Undergraduate humor publication of the University of Texas at Austin

The Texas Ranger was the undergraduate humor publication of the University of Texas at Austin (UT), published from 1923 to 1972. A number of people who later went on to become key members of the underground comix scene — including Frank Stack, Gilbert Shelton, and Jaxon — were Texas Ranger editors and contributors during the period 1959–1965. Other notable contributors to The Texas Ranger over the years included Robert C. Eckhardt, John Canaday, Rowland B. Wilson, Harvey Schmidt, Bill Yates, Liz Smith, Robert Benton, Bill Helmer, Robert A. Burns and Wick Allison.

It was succeeded in 1997 by the Texas Travesty.

==Overview==
The Texas Ranger was founded in 1923. Seeing itself as a complement to the campus newspaper The Daily Texan, the Ranger focused on humor, cartoons, and images of young women on its covers. Gag cartoons and comic strips were a staple of the magazine from its inception. From early on until late in its run, the magazine featured a female UT student on the cover as the so-called "Girl of the Month" or "GOM." For a number of years (beginning sometime after 1953) The Texas Ranger also ran a Playboy parody in its March issue.

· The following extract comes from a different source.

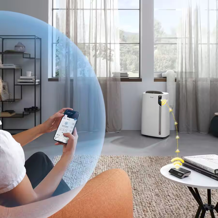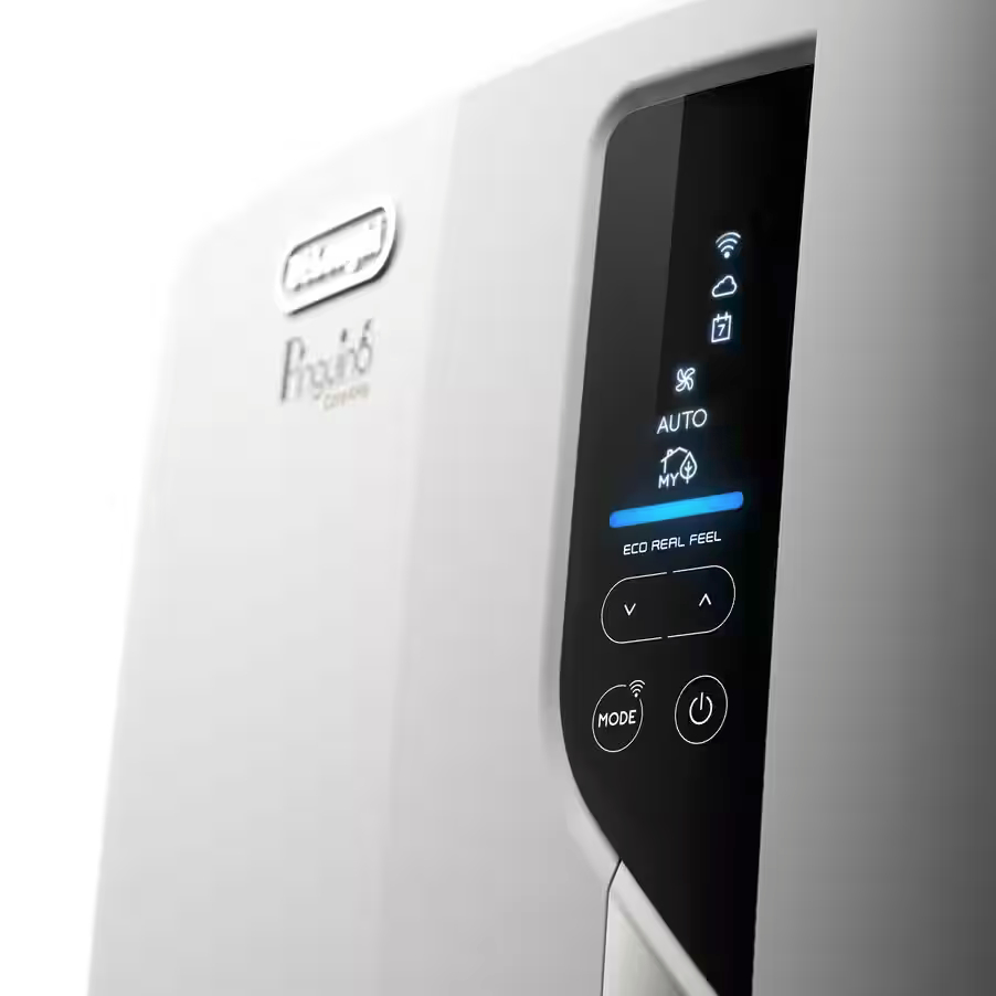 DeLonghi Pinguino Care4Me PACEL112CSTWIFI Klimagerät mit Energieklasse A DeLonghi Pinguino Care4Me PACEL112CSTWIFI Klimagerät bietet die perfekte Kombination aus Technologie und niedrigem Energieverbrauch (Energieklasse A+). Pinguino ist eine mobile Plug&Play-Lösung, die dank Rollen und integrierter Griffe einfach zu transportieren ist. DeLonghi Klimaanlage mit WiFi-Funktion ist ein leistungsstarkes und effizientes 3-in-1 Gerät: mit einer Kühlleistung von 11.000 BTU/h (2.900 Watt), einer Entfeuchtungsleistung von 41 Liter / Stunde und drei Ventilationsstufen. Pinguino lässt sich einfach direkt am Gerät bedienen (Display mit Touchpanel), Fernbedienung oder per Comfort App und Sprachsteuerung wie Amazon Alexa und Google Assistant von überall aus steuern. Verwenden Sie Pinguino nur dann, wenn Sie ihn benötigen. Smart Sensing-Funktion überwacht Temperatur und Luftfeuchtigkeit in der Umgebung. Cool Surround™-Technologie: sorgt für eine präzise Kühlung genau dort, wo Sie sich befinden und die Smart Sensing-Funktion überwacht Temperatur und Luftfeuchtigkeit in der Umgebung. MyEcoRealFeel-Technologie: Personalisieren Sie Ihren persönlichen Wohlfühlkomfort mit MyEcoRealFeel per App. Diese Funktion hilft Ihnen, Ihr ideales Komfortniveau automatisch zu erreichen und aufrechtzuerhalten und gleichzeitig bis zu 30 % Energie zu sparen. Geofencing-Funktion, Sprachassistent und App: Mit der Geofencing-Funktion des Pinguino können Sie Ihre Klimaanlage so programmieren, dass sie sich automatisch einschaltet, wenn Sie sich in der Nähe Ihres Hauses befinden. Merkmale: Für Bereiche bis 44 m² 3-in-1-Gerät: Nur Ventilator, Klimaanlage und Entfeuchtung Energielabel: A+ WiFi-Funktion: Steuerung mit De'Longhi Comfort APP Sprachsteuerung mit Amazon Alexa, Google Assistant Display mit Touchpanel oder Fernbedienung Intelligente Fernbedienung mit Cool Surround™-Technologie My EcoRealFeel-Technologie: bis zu 30 % weniger Energieverbrauch Leistungsstarke Kühlleistung (11.000 BTU/h – 2,9 kW) für Räume bis 110 m3 3 Ventilatorstufen Entfeuchtungsleistung 41 Liter / Tag Auto-Modus Selbstdiagnose Timer Display mit Comfort-Light-Anzeige Einfach zu transportieren Umweltfreundliches Kältemittel: R290

Over the years The Texas Ranger often drew the ire of UT's administration for its targeted satire and occasionally risqué content. Staff members called themselves the "Rangeroos" and were known for their bacchanalian parties, especially in the 1960s during Gilbert Shelton's reign as editor.

The Ranger's offices were in the School of Journalism building. The magazine's affairs were administered first by the Student Association and then by Texas Student Publications, Inc. The magazine published 10 issues annually, skipping July and August. A new editor was elected by the staff every September.

The magazine's mascot, created c. 1950 by Rowland B. Wilson, was a fat, mustachioed outlaw-type called "Hairy Ranger."

==History==
Antecedents to The Texas Ranger were UT humor publications the Coyote (which was banned by UT's Student Association in 1915) and The Scalper, which published from Oct. 1919 to Nov. 1922 (when it was also banned for its perceived "immorality"). Contributors to The Scalper included Roy Crane and Ralph Jester.

The Texas Ranger was first published in November 1923. One of its earliest contributors was cartoonist John Canaday, who later became a leading art critic, author and art historian.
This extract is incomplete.